▸ AIM OF THE EXERCISE
The lines to be extracted begin at the line containing "glasses of wine." and end at the last line of the data below; copy them exactly and leave out the pictures.

▸ DATA SHOWN
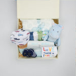 This delightful hamper is thoughtfully curated with a soft, fluffy blanket for cozy moments, a fun and engaging hippo musical toy, and adorable booties to keep those little feet warm. It also includes a gentle muslin swaddle, perfect for wrapping your baby in comfort. We've added a cozy onesie, a pack of four absorbent washcloths, and a set of two silicone bibs to make mealtime mess-free. This hamper is an ideal gift to cover all your baby’s essential needs!
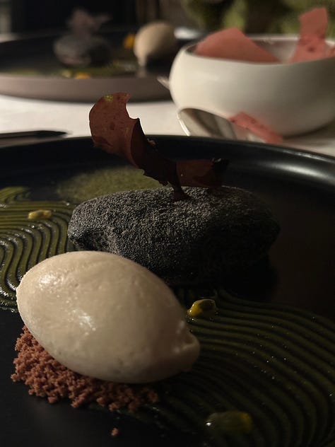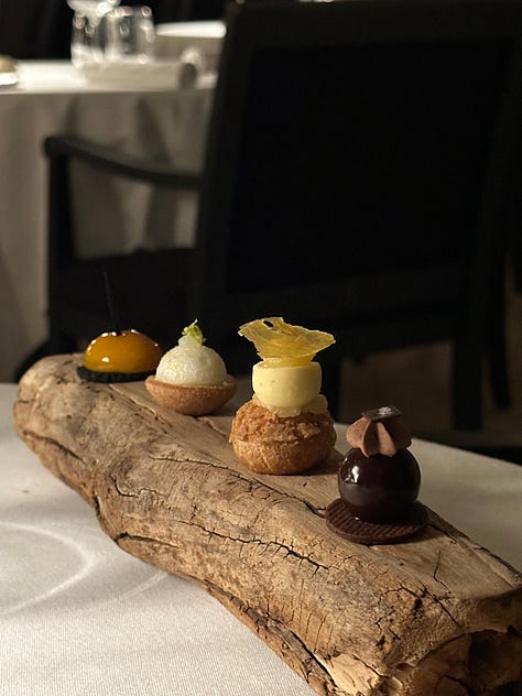 “C’est comme des petits oiseaux !” — (“They’re like little birds!”) Eva exclaimed to the server when she brought us four little mignardises—mango cream and black sesame, a lemon tartlet, a pina colada choux, and a divine chocolate ganache—aligned on a branch of drift wood. She was feeling slightly less inhibited after two glasses of wine.
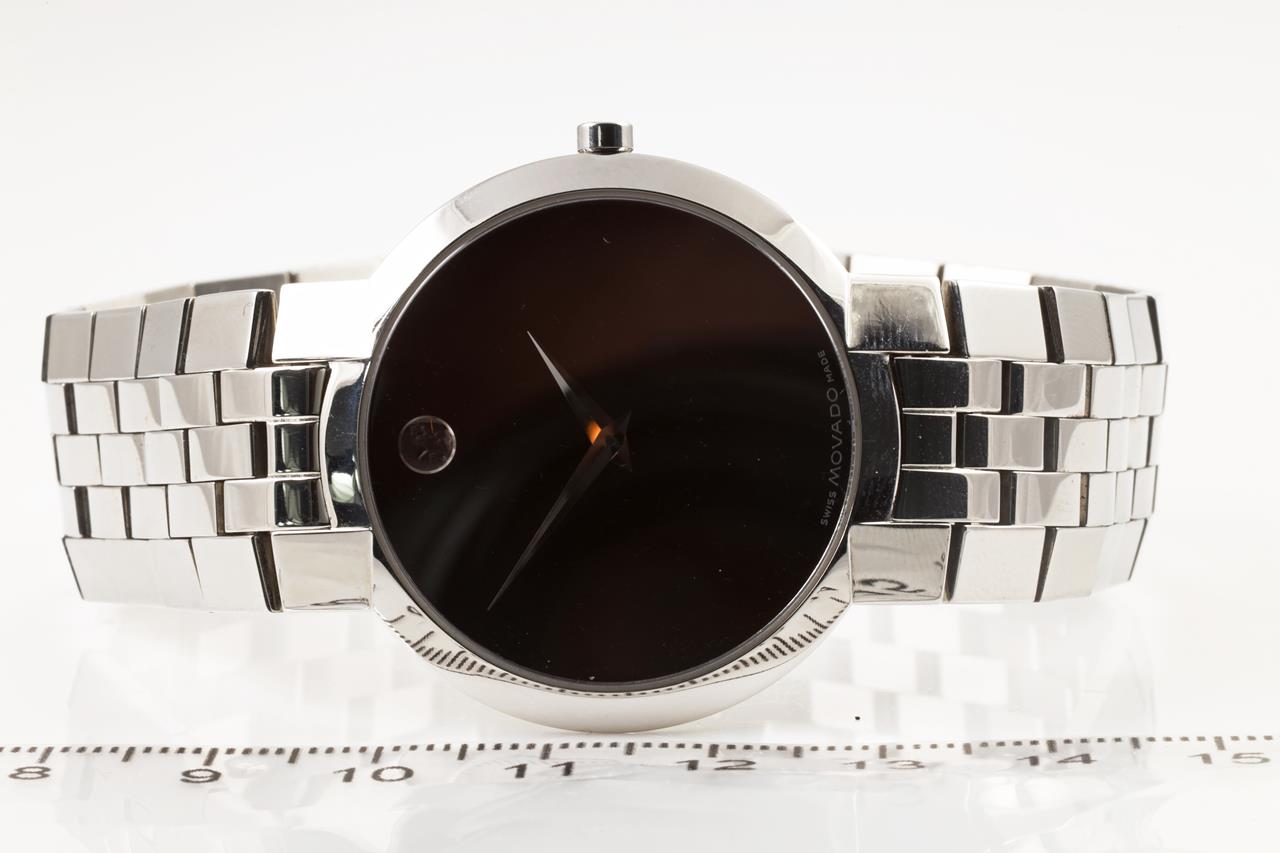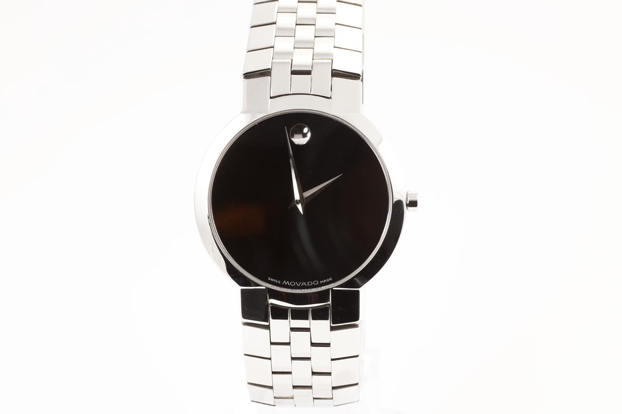 Movado stainless steel quartz watch. Black dial, case diameter 35mm, length: 21cm, dot marker at 12 o'clock, Swiss made. Ref# 84 45 1891. With Movado stainless steel bracelet and clasp. 3 month FSA warranty. (Pre-owned)

▸ RESPONSE BELOW
 “C’est comme des petits oiseaux !” — (“They’re like little birds!”) Eva exclaimed to the server when she brought us four little mignardises—mango cream and black sesame, a lemon tartlet, a pina colada choux, and a divine chocolate ganache—aligned on a branch of drift wood. She was feeling slightly less inhibited after two glasses of wine.
 Movado stainless steel quartz watch. Black dial, case diameter 35mm, length: 21cm, dot marker at 12 o'clock, Swiss made. Ref# 84 45 1891. With Movado stainless steel bracelet and clasp. 3 month FSA warranty. (Pre-owned)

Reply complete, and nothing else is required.